Thats a healthy looking couple of walking jerky sticks.  Hopefully that buck is increasing his blood line a bit.


----------



## thewoodlands (Feb 26, 2010)

Great pictures.

Zap


----------



## quads (Feb 26, 2010)

An awesome rack!


----------



## Redhawk (Feb 26, 2010)

When do the bucks shed in your area?


----------



## woodsman23 (Feb 26, 2010)

Redhawk said:
			
		

> When do the bucks shed in your area?




They should have already shed but here's proof that mother nature does as she pleases. Not a lot of snow here this year so the deer look very healthy.


----------



## bogydave (Feb 26, 2010)

Maybe he'll lose them in your yard soon, be nice to find them

They can pose real good when it's not hunting season.
Nice pics


----------



## dobie daddy (Feb 26, 2010)

bogydave said:
			
		

> They can pose real good when it's not hunting season.
> Nice pics



my thoughts exactly


----------



## Backwoods Savage (Feb 26, 2010)

Great pictures woodsman23. Thanks for posting them. I've read several reports of bucks in our area also still holding onto their antlers. In years past I've seen some pretty good sized bucks with antlers yet around the first day of Spring.

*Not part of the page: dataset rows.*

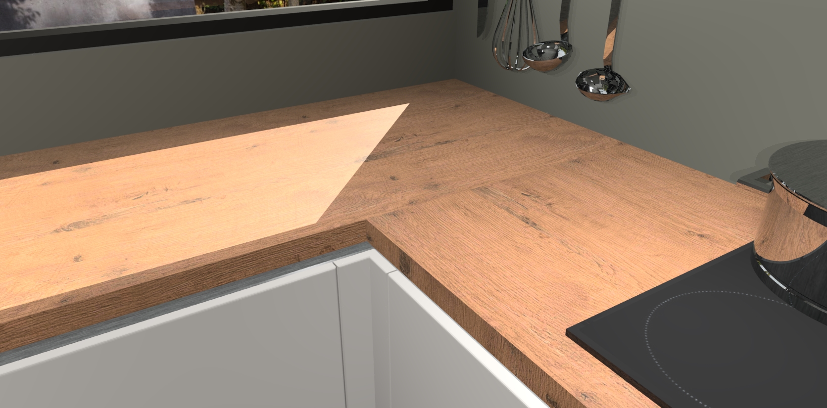 - Bij een hoekwerkblad zijn de hoeken in gevreesd en op maat gemaakt
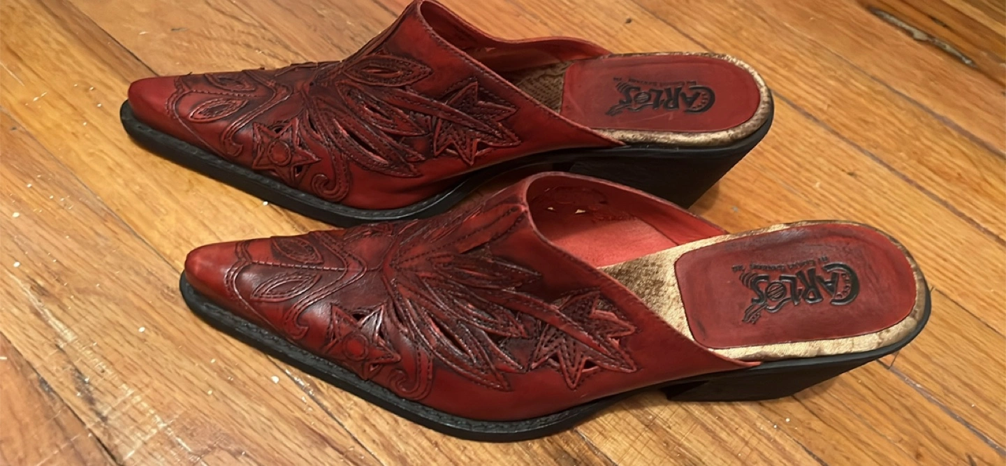 15These are a pair of Carlos Santana mules in size 6. They are a beautiful red leather with a unique design. Perfect for adding a pop of color and style to your wardrobe!
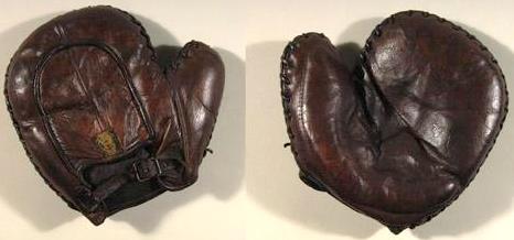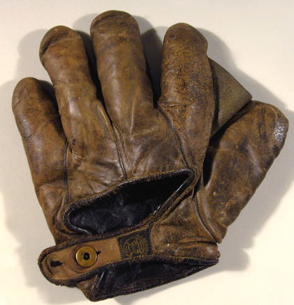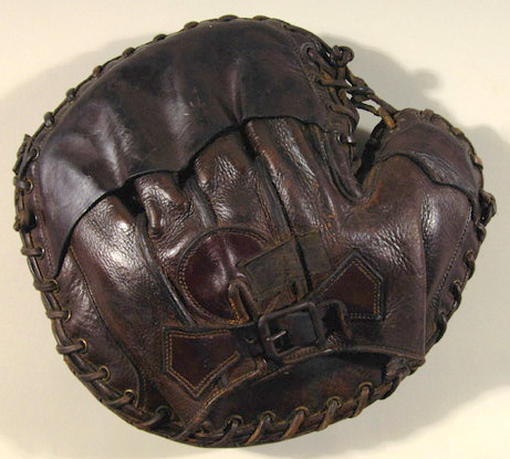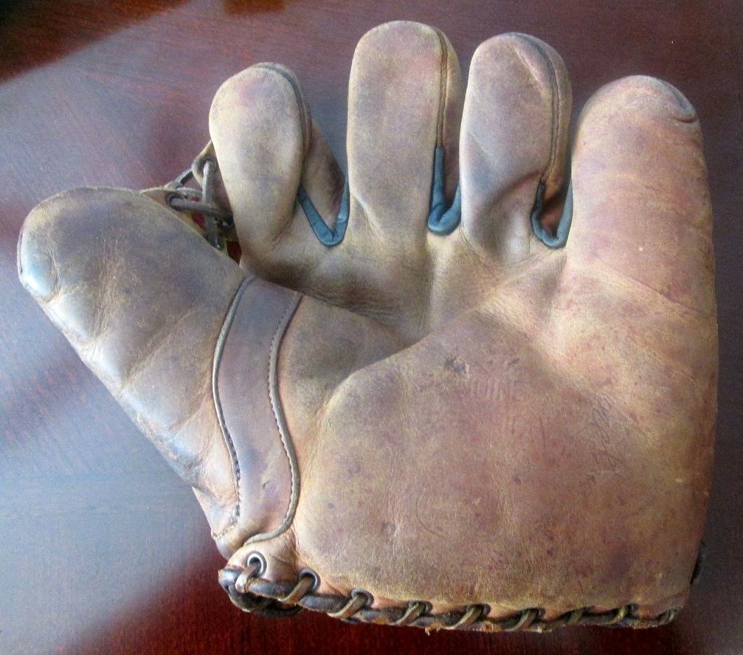 A 1920's D&M catchers mitt sold for $230. Trademark D&M wrist opening with circular leather reinforcement. Nice Decker finger guard on the top and thumb section.
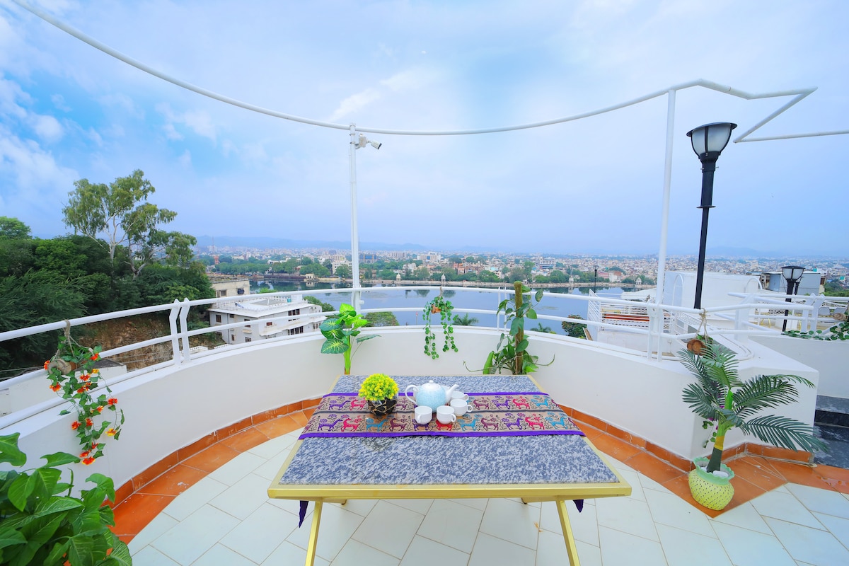 Nestled atop a charming hill, this exquisite 1-bedroom lakeview room is perched on top terrace of a centrally located, luxurious Vacation Villa-Hill Villa Signature Suites. With panoramic views of lake Fateh Sagar & Lake Swaroop Sagar, mountain range & city skyline, this upscale oasis offers a truly unparallel experience. Guests would also have access to Hill Villa's various shared spaces like multi-altitude Decks, Regal Lounge and Wellness zone with Jaguar 6-Seater Jacuzzi Spa & Steam-Bath Spa.
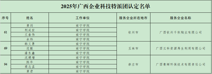 近日,根据《自治区企业科技特派员工作专班关于公布2025年广西企业科技特派员(团)认定名单的通知》(桂科发〔2025〕149号),经意向征集、双向选择、补录征集、核查确认、名单审定与公示等一系列严格程序,学校有多名教师成功获批自治区企业科技特派员(团)。

It doesn't always happen, but sometimes it does.


----------



## smokinj (Feb 26, 2010)

quads said:
			
		

> An awesome rack!


+1


----------



## rdust (Feb 27, 2010)

Nice buck!  I've seen smaller bucks carry their antlers this late.  I don't think I've ever seen a big boy carry them this far.  He's going to be really nice this fall, he would look great on my wall!


----------



## Cutter (Feb 27, 2010)

Yep Picture Perfect


----------



## Pagey (Feb 28, 2010)

Magnificent creature.  Good photos!


----------



## Diesel73 (Mar 1, 2010)

Nice pics


----------